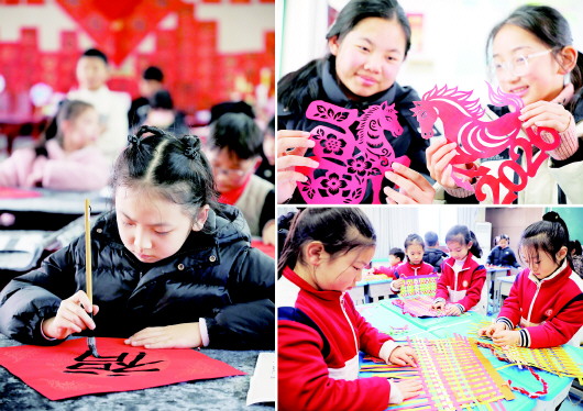 1月23日,金安区人民路小学安丰路校区开展“指尖上的非遗”主题文化活动。师生们一同写春联、写福字(左图),了解并体验编织技艺(右下图),学习剪纸(右上图)与糖画制作等,在实践中感受中华优秀传统文化魅力,寄寓新年美好期许,为即将到来的马年春节增添了浓浓年味。 本报记者 田凯平 通讯员 刘长明 摄
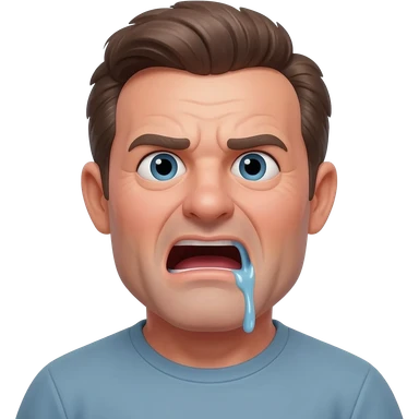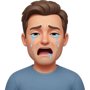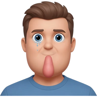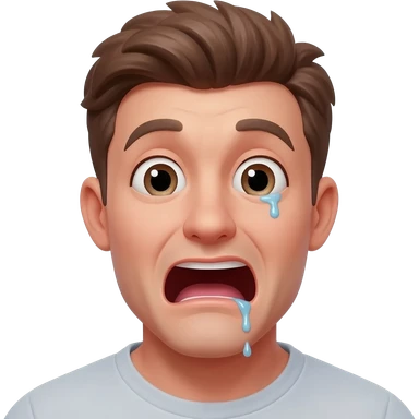 Crying thirty year old guy with mouth wide open and drooling from one side of his mouth emoji
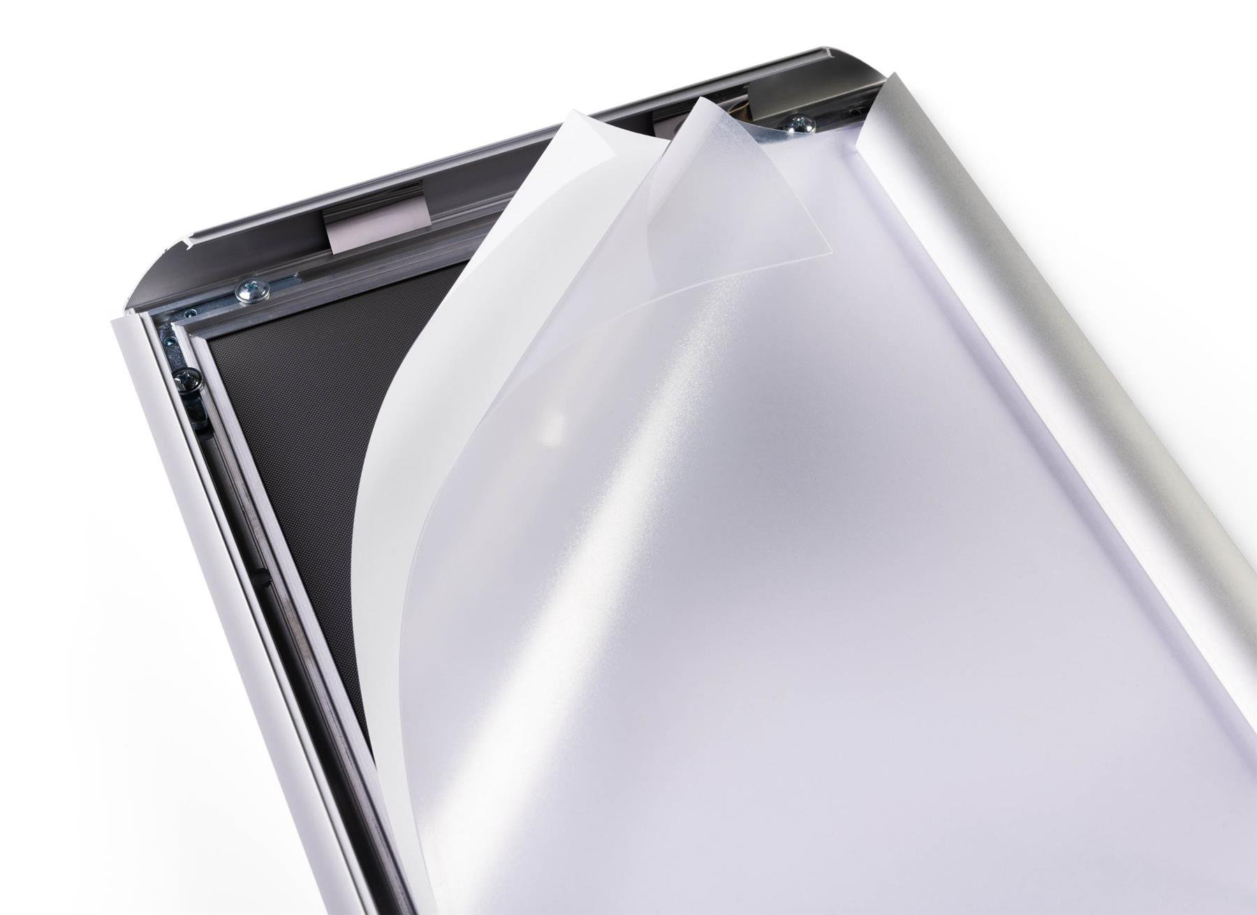 Robust anodised aluminium snap frames provide a premium signage solution. The folding frame enables quick and easy exchange of documents for fast changing signage.
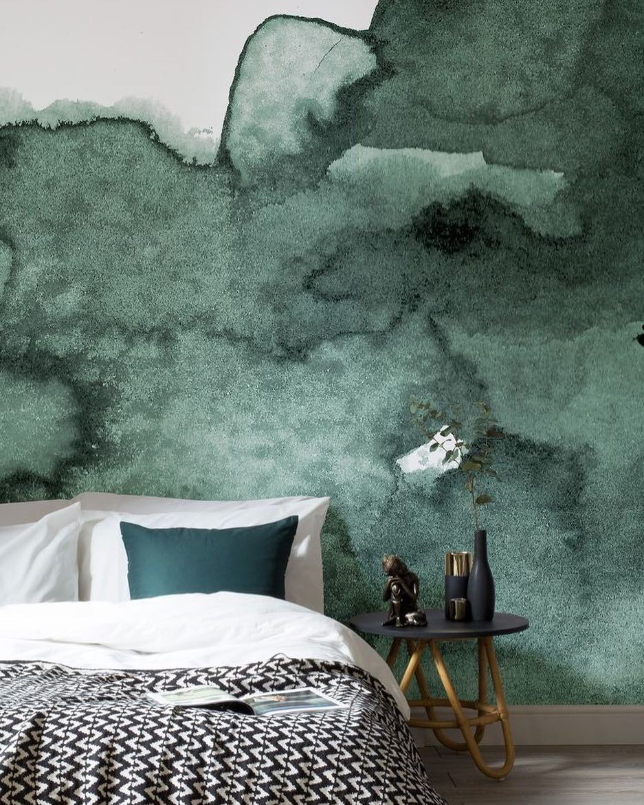 Watercolor walls in a serene green. photo via @muralswallpaper
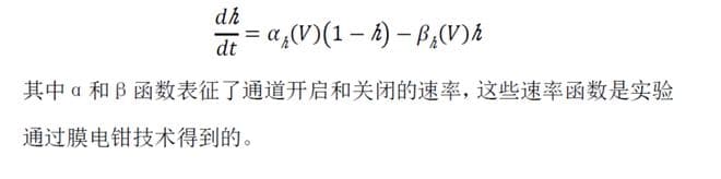 基于等效电路的思想,Alan Hodgkin和Andrew Huxley在20世纪50年代基于他们对乌贼巨神经元的实验研究提出了HH(Hodgkin-Huxley)模型,模型中包括钠(Na)、钾(K)和漏电流(Leak Current)的电导,可以表示每种离子通道的开启程度,在模型中离子通道的开闭进一步通过门控变量描述,这些变量(m、h、n)具有电压依赖性和时间依赖性。HH模型的方程为:
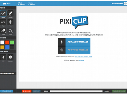 PixiClip est un service intuitif qui propose un tableau blanc interactif en ligne. Créer un message est une affaire de quelques minutes grâce à des outils pratiques. Vous pouvez l’utiliser pour présenter de l’audio, de la vidéo, une image ou du texte.
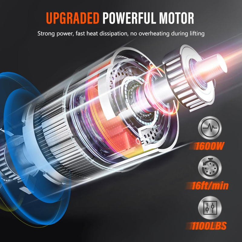 [ENHANCED STRENGTH] ? The hoist features a double hook (saddle hook) with an extended width from 1 inch to 2.2 inches, improving load distribution. Note: the upper single hook is not designed to bear loads. Powered by a robust 1600W universal motor, this 25lbs electric hoist can efficiently lift to 1,100lbs, though it may produce slightly higher noise levels during operation.
□ □ □ □ □ □ □
→ **Work item**
Return the records exactly. Don't carry the pictures over.

→ **Answer box**
 1月23日,金安区人民路小学安丰路校区开展“指尖上的非遗”主题文化活动。师生们一同写春联、写福字(左图),了解并体验编织技艺(右下图),学习剪纸(右上图)与糖画制作等,在实践中感受中华优秀传统文化魅力,寄寓新年美好期许,为即将到来的马年春节增添了浓浓年味。 本报记者 田凯平 通讯员 刘长明 摄
 Crying thirty year old guy with mouth wide open and drooling from one side of his mouth emoji
 Robust anodised aluminium snap frames provide a premium signage solution. The folding frame enables quick and easy exchange of documents for fast changing signage.
 Watercolor walls in a serene green. photo via @muralswallpaper
 基于等效电路的思想,Alan Hodgkin和Andrew Huxley在20世纪50年代基于他们对乌贼巨神经元的实验研究提出了HH(Hodgkin-Huxley)模型,模型中包括钠(Na)、钾(K)和漏电流(Leak Current)的电导,可以表示每种离子通道的开启程度,在模型中离子通道的开闭进一步通过门控变量描述,这些变量(m、h、n)具有电压依赖性和时间依赖性。HH模型的方程为:
 PixiClip est un service intuitif qui propose un tableau blanc interactif en ligne. Créer un message est une affaire de quelques minutes grâce à des outils pratiques. Vous pouvez l’utiliser pour présenter de l’audio, de la vidéo, une image ou du texte.
 [ENHANCED STRENGTH] ? The hoist features a double hook (saddle hook) with an extended width from 1 inch to 2.2 inches, improving load distribution. Note: the upper single hook is not designed to bear loads. Powered by a robust 1600W universal motor, this 25lbs electric hoist can efficiently lift to 1,100lbs, though it may produce slightly higher noise levels during operation.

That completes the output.